Et que l’on ne nous dise pas que cela mettrait l’économie à sac ! Qui sait que les seules entreprises non financières ont disposé en 2005 de 567 milliards d’euros de ressources nouvelles ? Seulement 170 milliards d’euros, soit le tiers, ont servi aux investissements productifs. Le reste a été gâché dans la spéculation.

La refonte globale de la fiscalité proposée par Marie-George Buffet est donc cohérente.

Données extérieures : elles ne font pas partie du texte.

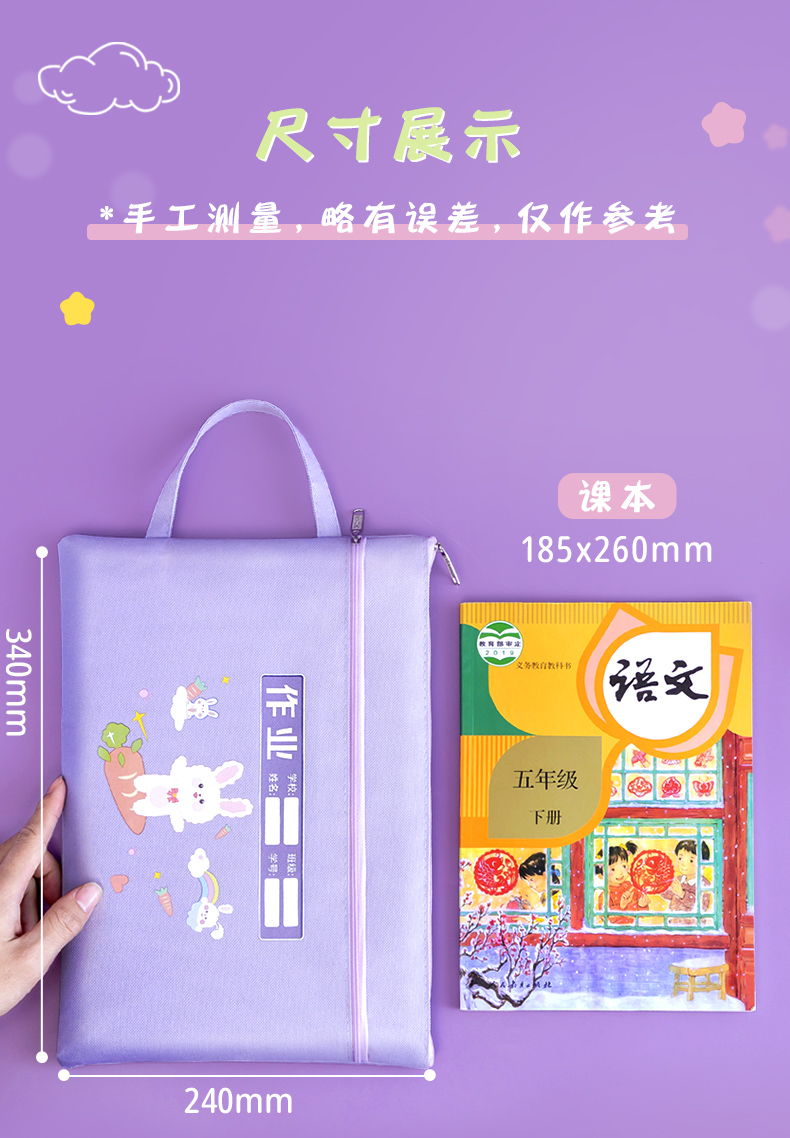 제목 문서 가방 초등학교 학생 교과서 주제 분류 가방 테스트 종이 저장 가방 a4 캔버스 지퍼 핸드 헬드 번호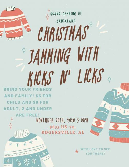 Come out to the grand opening of Santa Land! Fees to get in will be going to charity. Kicks n' Licks will be providing some live Christmas jams while you enjoy the Christmas themed wonderland!

Elle est économiquement et socialement efficace : suppression progressive de la TVA sur les produits de première nécessité, progressivité de l’impôt sur le revenu par un plus grand nombre de tranches, multiplication par trois du taux de l’ISF pour les plus hauts revenus, limitation de la fiscalité locale tout en donnant de véritables moyens aux collectivités, prise en compte des revenus réels des ménages dans le calcul de la taxe d’habitation, action pour une harmonisation fiscale en Europe et dans le monde afin de lutter contre les paradis fiscaux et la spéculation financière internationale.

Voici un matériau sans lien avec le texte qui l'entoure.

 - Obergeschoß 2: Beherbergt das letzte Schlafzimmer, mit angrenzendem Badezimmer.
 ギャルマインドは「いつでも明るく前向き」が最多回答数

Ajoutons qu’à côté d’une nouvelle politique fiscale doit être créée une nouvelle politique du crédit bancaire à très bas taux d’intérêt pour favoriser un développement productif durable, la sécurisation de l’emploi et de la formation, l’amélioration des conditions de travail. C’est un levier pour mettre en place un fonds national régionalisable pour l’emploi et la formation. Celui-ci commencerait par réorienter vers le travail les 23 milliards d’euros annuels d’exonération de cotisations sociales patronales.

Cela nécessiterait un outil public fort et efficace pour réorienter les choix politiques et économiques. C’est le sens de la proposition d’installer un grand pôle public bancaire autour de la Caisse des dépôts et consignations, complété par des obligations publiques et sociales pour l’ensemble des banques.

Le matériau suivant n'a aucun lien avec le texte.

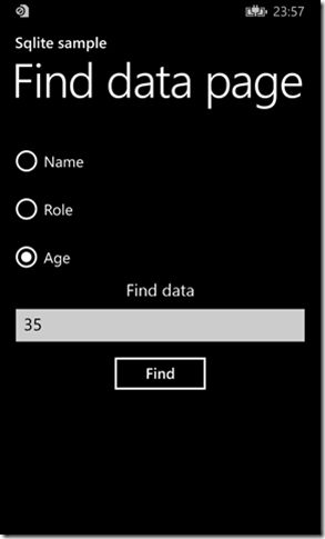 - private void btnFindSample_Tapped(object sender, TappedRoutedEventArgs e){ Frame.Navigate(typeof(Finddata));}

M.Sarkozy invoque la République et ses valeurs pour mieux les dissoudre dans l’ultracapitalisme.
Marie-George Buffet prend des engagements pour revivifier les valeurs de la République.
Elle démontre que d’autres choix sont réalisables.
Ceux-ci visent à sortir le pays de la crise, et les gens des difficultés qui les assaillent. Elle est fidèle à l’article 13 de la Déclaration des droits de l’homme et du citoyen de 1789 qui édicte : « Pour l’entretien de la force publique et pour les dépenses d’administration, une contribution commune est indispensable ; elle doit être également répartie entre les citoyens en raison
de leurs facultés. »

Deux choix s’offrent donc aux électrices et aux électeurs : soit l’aggravation des inégalités et une France qui va dans le mur avec Nicolas Sarkozy.
Soit, grâce aux réformes de structures réalisables que propose Marie-George Buffet, une France de droits pour toutes et tous, une France de la solidarité et de l’égalité.